The $135 billion bet could fail. Superintelligence timelines could slip. AI capability improvements could plateau. If the agents don’t deliver on their promise, Meta will be sitting on $135 billion in infrastructure and 8,000 fewer experienced employees — and the institutional knowledge those employees carried walked out the door in May 2026.
The Guardian put it plainly in April: “Tech companies are cutting jobs and betting on AI. The payoff is far from guaranteed.”
That’s the real risk. Not to workers — they’re already bearing the cost — but to the companies. An overfitted bet on superintelligence timelines, against a workforce that knows how to do things the agents haven’t learned yet. MCI is filling that gap. Whether it fills it fast enough, or well enough, is genuinely uncertain.

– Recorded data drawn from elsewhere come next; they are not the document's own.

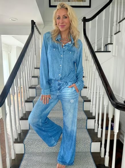 Don’t just wear pajamas — wear a mood. Whether it’s for you or someone special, this set brings joy, comfort, and a little denim delight to every slow moment.
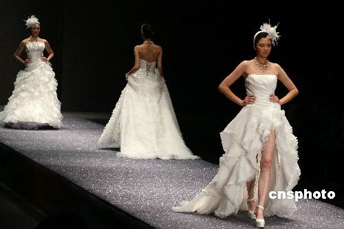 2008年11月7日,中國國際時(shí)裝周(2009春夏)舉行“名瑞杯”2008中國婚紗設(shè)計(jì)大賽(Famory Cup China Wedding Dress Design Contest 2008)。共有來自14個(gè)地區(qū)的25份稿件入圍了最后的決賽,角逐此次大賽的各個(gè)獎(jiǎng)項(xiàng)。經(jīng)典的白紗和今年非常流行的蕾絲面料是主角,選手們用了層疊,堆積的表現(xiàn)手法,使得并不新穎的面料有了新鮮的感覺,給人們造成不同的,特別的視覺效果。自由設(shè)計(jì)師吳小珍的作品《女人花》最終獲得金獎(jiǎng)。中新社發(fā) 魯谷 攝
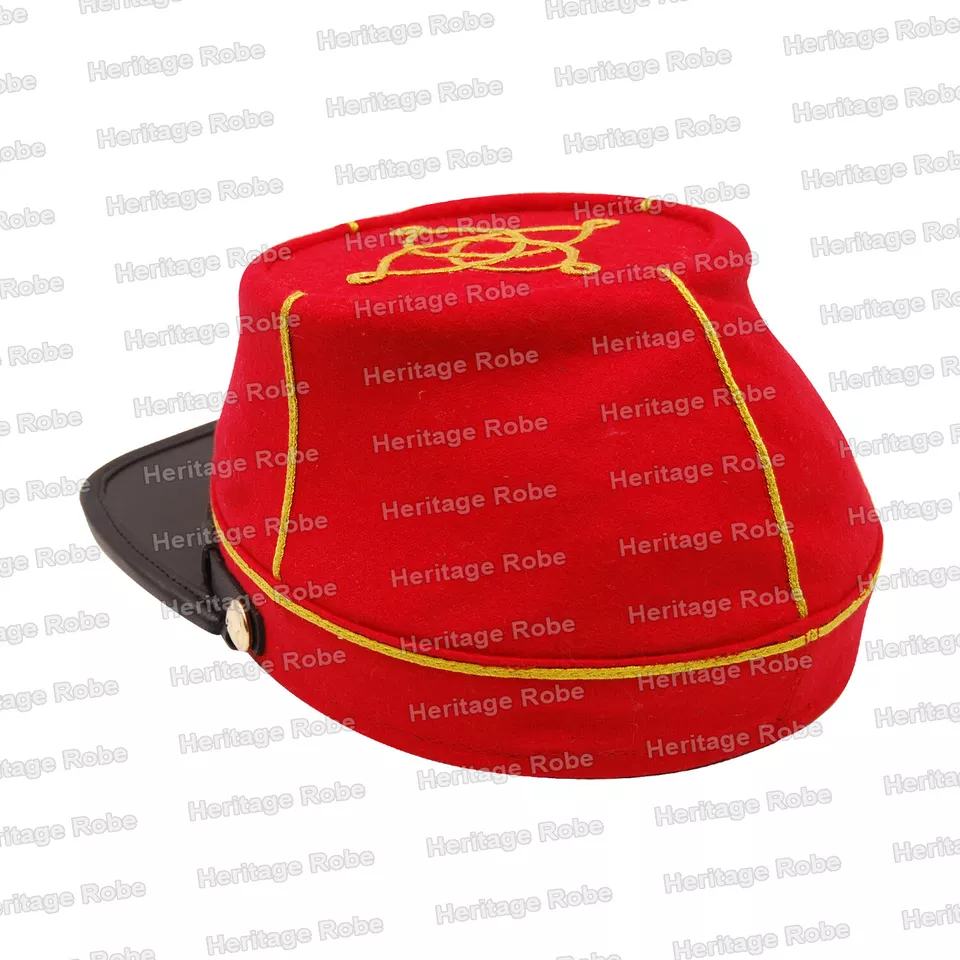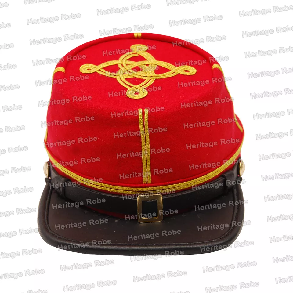 Home ACW Kepi Civil War Artillery Officer leather Peak Kepi, Red with Gold Rows of Braids

The Question That Actually Matters
This is the part that won’t be in the quarterly earnings call.
At what point does a company have an obligation to tell its employees what their work is being used for?
Meta employees did not know, before Reuters reported it, that their daily workflows were being captured for AI training. They found out from a news article. They cannot opt out. And the announcement of 8,000 layoffs came 48 hours after the surveillance story broke.
If you worked at Meta in April 2026, here’s what you experienced: you learned that your computer was recording everything you did, and two days later you learned that 10% of your colleagues were being let go. The connection between those two facts was not explained to you by the company. You had to read Bloomberg Opinion to get the headline.
That’s the story that matters beyond Meta. Not whether the $135 billion pays off. Not whether the agents end up being capable. Whether companies, in the middle of one of the most significant workforce transitions in economic history, have any obligation to be honest with the people they employ about what’s happening to the value of their labor.
Meta chose not to be. They let Reuters do it for them.
The pattern being set in April 2026 is going to matter for every employer and every employee for the next decade. The technology will spread. The MCI approach — capture how experts work, encode it into training data, build the agents, cut the headcount — is not a Meta-specific experiment. It’s a template.
The question isn’t whether this happens more broadly. It’s already happening. The question is whether the people it happens to will know what’s being done with their work while it’s happening.
So far, the answer at one of the most profitable companies in the world is: no. They won’t know. The workers at Bethlehem Steel didn’t get a memo either.